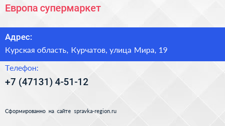 Европа, супермаркет по адресу Курская область, Курчатов, улица Мира, 19 в дальнейшем Организация, размещена в следующих категориях:
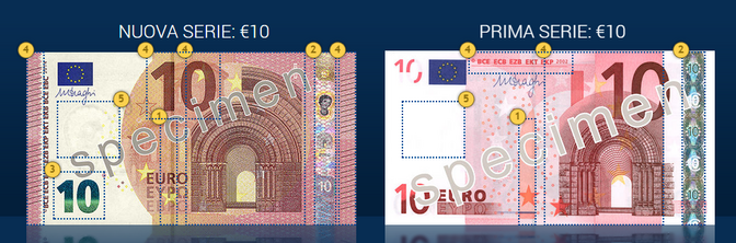 Le nuove caratteristiche di sicurezza sono state immesse tutte sul fronte della banconota: il ritratto della principessa Europa nella filigrama e nell’ologramma; il numero 10 in verte smeraldo che cambia colore diventando blu scuro, i trattini in rilievo sui margini.
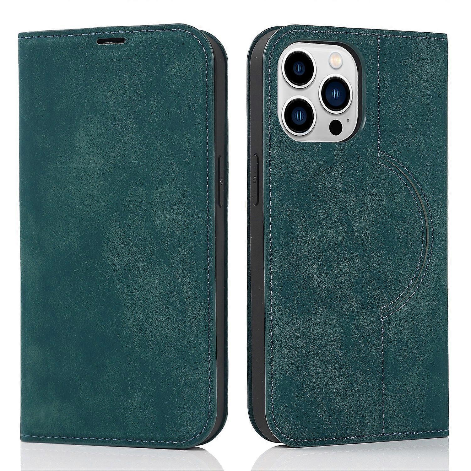 Case For Iphone 14 Pro Max Blue Leather Wireless Charging Magnetic Flip No5600
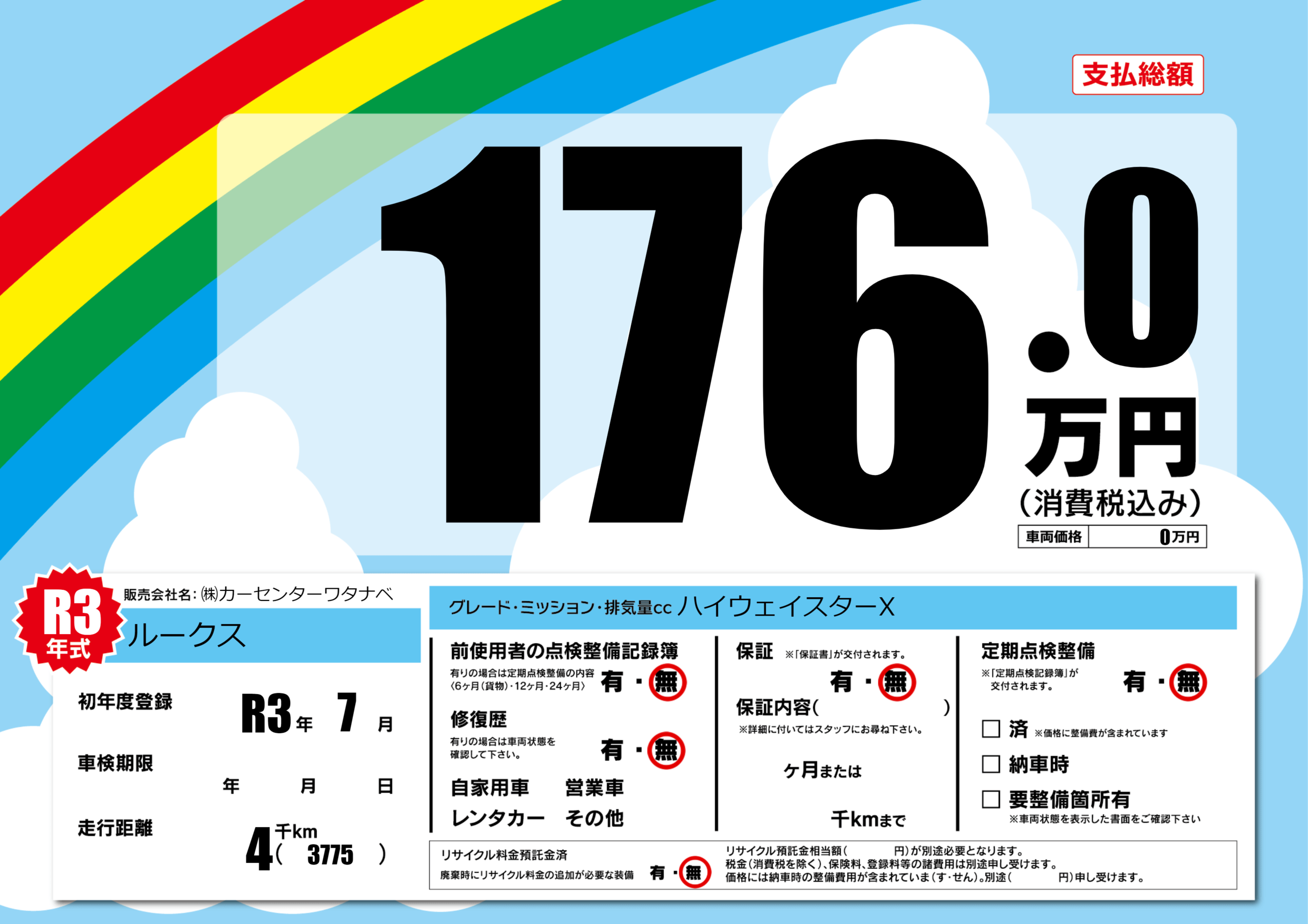| 走行キロ | 0.4万km | 初年度登録 | R3年7月 |

☆ ☆ ☆

Make an exact copy of the data above, pictures excluded.

## TASK OUTPUT
 Европа, супермаркет по адресу Курская область, Курчатов, улица Мира, 19 в дальнейшем Организация, размещена в следующих категориях:
 Le nuove caratteristiche di sicurezza sono state immesse tutte sul fronte della banconota: il ritratto della principessa Europa nella filigrama e nell’ologramma; il numero 10 in verte smeraldo che cambia colore diventando blu scuro, i trattini in rilievo sui margini.
 Case For Iphone 14 Pro Max Blue Leather Wireless Charging Magnetic Flip No5600
| 走行キロ | 0.4万km | 初年度登録 | R3年7月 |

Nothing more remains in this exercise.